Be warned - it's a lengthy debate ;)

------
aniijbod
Ok, I get it, we're all looking at page design and visualisation issues, which
is the kind of thing we do here. But isn't anyone going to just marvel and
express wonder and astonishment at the sheer majesty of the extraordinary
achievements described in the videos?

------
ajford
This was definitely a fun project to be a part of (the reboot, not the chrome
experiment). We out here at the Arecibo Observatory are proud to be a part of
this moment in history. It was a joy to work with Dennis Wingo and his team,
they are definitely cool guys.

------
pronoiac
A live webcast is running -
[http://spacecraftforall.com/live](http://spacecraftforall.com/live)
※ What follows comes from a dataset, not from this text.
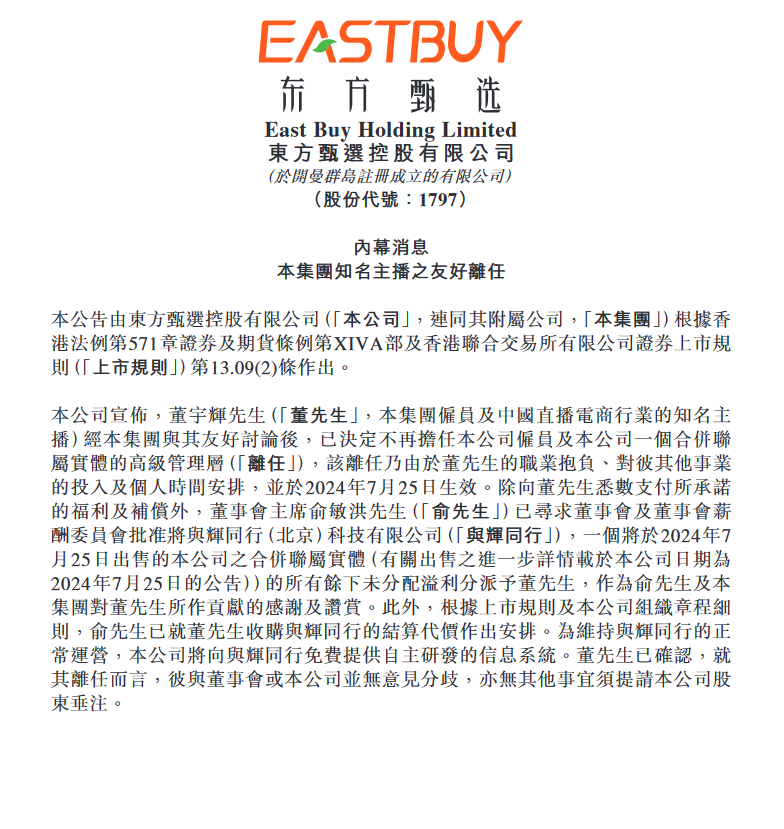 7月25日,東方甄選在港交所發佈公告稱,董宇輝已決定不再擔任該公司僱員及公司一個合併聯屬實體的高級管理層,該離任乃由於董宇輝的職業抱負、對彼其他事業的投入及個人時間安排,並於2024年7月25日生效。
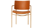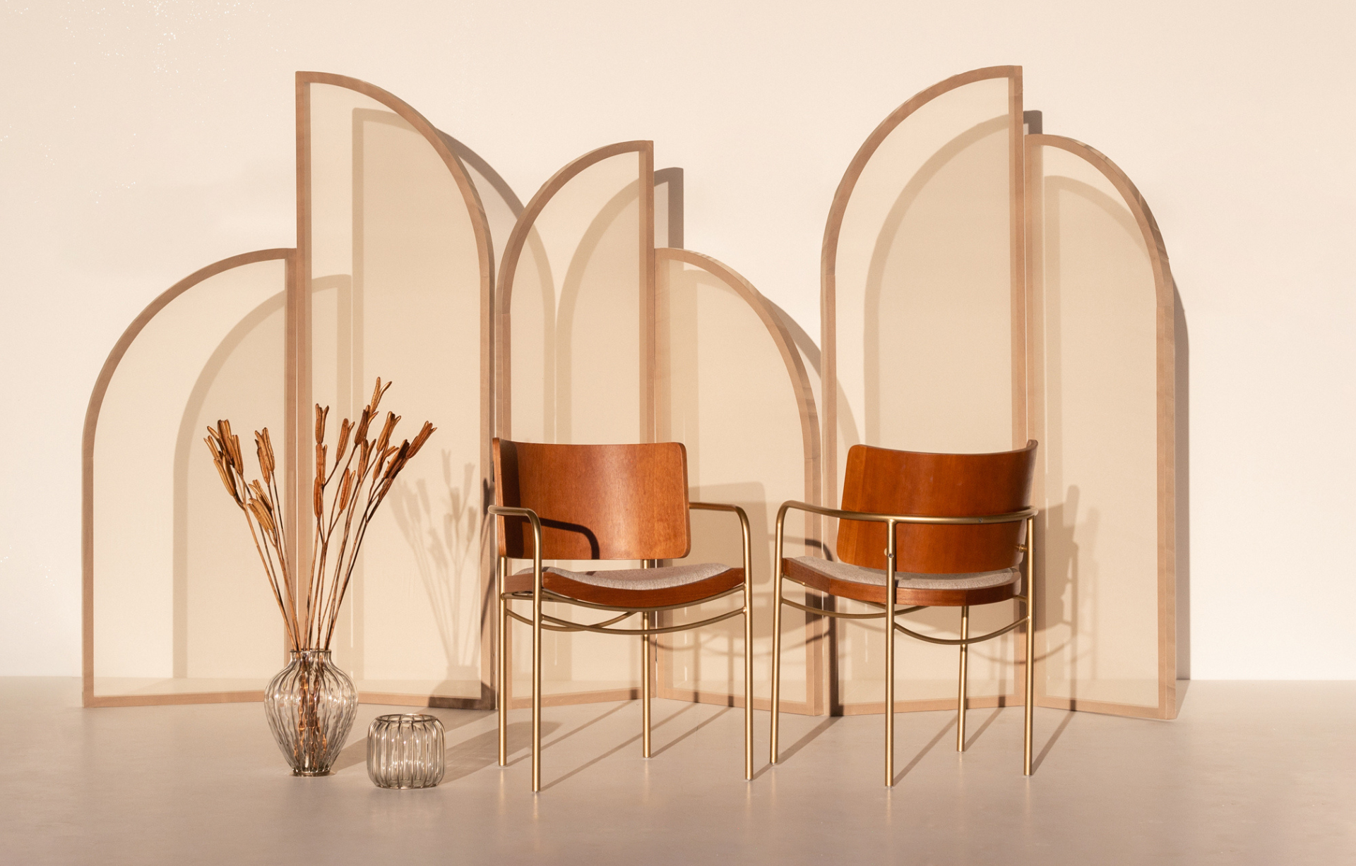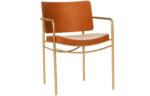 A Cadeira Tahoe se destaca por sua estrutura em metal de design industrial, que contrasta elegantemente com o encosto e assento curvos em madeira e estofamento. O design leve e minimalista é complementado pelos braços contínuos, proporcionando conforto e um visual sofisticado.

Edit: Here's the Hangout link:
[https://www.youtube.com/watch?v=SdtUIXPjVgk](https://www.youtube.com/watch?v=SdtUIXPjVgk)

------
3rd3
I find it frustrating that one can only rotate the view within a limited
range. Otherwise great work!

------
manish_gill
Doesn't work on latest Chrome at all, but works beautifully in my Firefox
Nightly.

------
snowwrestler
For others wondering how to escape this page on an iPhone, rotate to a
vertical orientation to show the address bar, then tap the address bar to
bring up the Safari controls.

------
kgabis
This page is barely usable and almost fried my mac. Kinda reminds me websites
built with flash. Is there any other way to watch that video about ISEE-3?

------
nitrogen
Though it says "Chrome Experiment", it seems to work mostly okay in Firefox,
but occasionally some things seem to be missing from the view.

------
FrankenPC
What an incredibly well done presentation.

------
pepijndevos
Why are there loops in the heliocentric orbit?

------
kp25
Great Stuff!!